The treatment for diphtheria begins immediately, even before the lab results are back. This is because this is an extremely high-risk infection. The patient is hospitalized and isolated to keep the infection from spreading. Antibiotics like metronidazole are given through an intravenous (IV) line or as an injection into the muscles. Other than that, the patient is given fluids through an IV and kept on oxygen. The patient may also require a breathing tube and correction of the airway to open up the blockages due to the abnormal membrane growth. Diphtheria antitoxins are given and the patient is advised at least 6 weeks or more of bed rest.

Prevention of Diphtheria

The best way to prevent diphtheria is vaccination. Other than that:

  • Wash hands with soap or disinfectant every time before eating, drinking or cooking food.
  • Maintain proper hygiene
  • Avoid sharing towels, napkins, clothes and other personal items.

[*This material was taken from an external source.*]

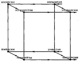 Стр. 201 Аналогично мюрмесинная — основное средство для достижения целей по мюрментанной и имментанной, иммесинная — вспомогательное средство для мюрментанной и имментанной, поддержка мюрмесинной. Тот же пример. Мюрмесинная (релэкзостатив) — создать себе авторитет, внедриться в систему, доказать свою нужность этой системе, и, в то же время, иммесинная (релэндостатив) — на всякий случай не портить отношения, а улучшать их, искать полезных людей и перетягивать их на свою сторону, но все это не главное — только если не поможет мюрмесинная функция, и, кроме того, постоянная поддержка для нее, крепкий тыл. Для реализации этой схемы необходимы все аналитико-синтетические связи кольца. Кроме того, при работе по достижению главной цели и цели поддержки возникают этакие «цели-минимум» и «средства-минимум» для их достижения, которые могут относиться к каким угодно двум функциям кольца (кроме функций одинаковой аналитичности — синтетичности) — так возникает необходимость обратного тока. В каждой аналитической есть элемент синтетичности и наоборот. В каждой сильной есть элемент слабости и т. д. Никуда не деться от диалектики. На практике не всегда стоит рассматривать работу модели «А». Результат таких выкладок будет довольно громоздким и неудобным. Однако полезно помнить о принципах действия этого макета, если вы хотите проследить работу психики в тонких деталях. Движение информации в кольцах отражено на рис. 5. Рис. 5. Функцион. Взаимодействие между кольцами Взаимосвязь эта основывается на принципе рамочности, но здесь его толкование немного шире, чем в случае аспектов. Витальные функции задают «рамки», за которые человек не может выйти. Пока мы остаемся «в рамках» — все в норме, но как только происходит выход, активность прекращается (Скажем, человек с сомэндодинамивом в мюрмесине будет веселить компанию в тех пределах, в которых позволяют его этические нормы — релэндостатив в мюрвисине.). Таким образом, разделение функций по ментальности — витальности совпадает с разделением аспектов по признаку статика — динамика. Этот факт позволяет графически обосновать все возможные способы образования соционических типов. Для этого построим функцион — куб из функций, построенный аналогично тому, как построен аспектон из аспектов. На его верхней грани могут располагаться либо только ментальные, либо только витальные функции. В расположенных друг рядом с другом вершинах находятся аналитическая с синтетической функцией. |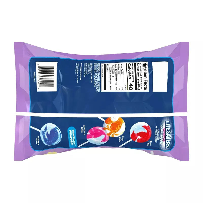 Brighten up your Easter and spring celebrations with Life Savers Swirled Lollipops! These colorful, individually wrapped pops combine classic Life Savers fruit flavors with a creamy vanilla swirl for a deliciously unique twist. Enjoy up to four great flavor combinations in each bag: Cherry/Vanilla, Blueberry/Vanilla, Strawberry/Vanilla, and Orange/Vanilla. Gluten, peanut, and dairy-free, these treats are perfect for Easter baskets, party favors, candy jars, or sharing with friends and family. A sweet, swirled delight for any occasion!

Vaccination for Diphtheria

The diphtheria vaccine is a part of normal childhood vaccination program. One needs to be given about 5 doses of diphtheria vaccine. These vaccines are given in combination with other vaccines. These include polio, whooping cough, tetanus, Haemophilus influenzae type b (Hib) vaccine. A booster dose is recommended for children who are 3 to 4 months old. A final dose is to be given when children are about 13 to 18 years of age.

Diphtheria is a serious infection which should be prevented at all cost. Treatment is possible today, but it leads to many complications. Speak to your family physican, if you have any doubts regarding this infection.